The fourth step is the assembly of the cake "Elephant's Tears"
Gently soak the cake with cold water andPut on it all the resulting cream. Spread the cream evenly over the entire area of the cake, leaving the long edges not smeared with the help of a cooking blade. Put banana with lemon juice at the very center (this is done so that the banana does not darken) and gently roll the cake in half, pressing the edges without cream.
The fifth step is the preparation of the glaze and the completion of the cake design.
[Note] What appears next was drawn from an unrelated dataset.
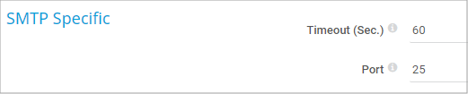 Enter the number of the port that the sensor uses to send an email via SMTP. The default port for unsecure connections is 25 and the default ports for secure connections are 465 or 587. The actual setting depends on the server that you connect to. Enter an integer.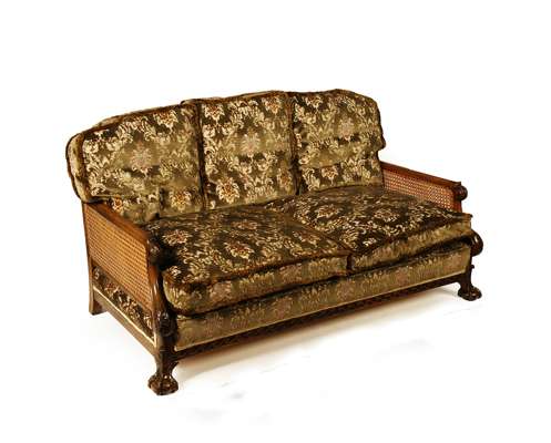 the carved back and arms above loose cushions, raised on ball and claw feet, comprising of a sofa and two armchairs (3)

Prepare the icing is very simple - for thisMix all the ingredients and melt them in a water bath, stirring constantly. Cover the cake with the finished glaze and sprinkle with the remaining chopped nuts. Ready cake cut into portions. Bon appetit to you and your guests!
Simplified Cake Recipe
If you have very little free time,I really want to try the dessert, then this recipe is for you. For a sponge cake, beat 6 eggs, 6-7 tablespoons of sugar, 2 tablespoons of flour, 3 tablespoons of cocoa and a teaspoon of soda. Pour the dough into the form and send it to the oven. Bake until fully cooked at a temperature of 160-180 degrees. At this time, prepare the cream: beat two hundred grams of butter with condensed milk and cool the mixture in the refrigerator. If this version of the cream seems to be too high in calories, use sour cream whipped with sugar. Ready cake folded neatly in half, also using a rolling pin. Let the frozen biscuit free from the rolling pin and fill it with cream from the inside, put inside a whole peeled banana, which we sprinkle with lemon juice to avoid browning. Completely cover the cake with cream and sprinkle with your favorite nuts in a crushed form.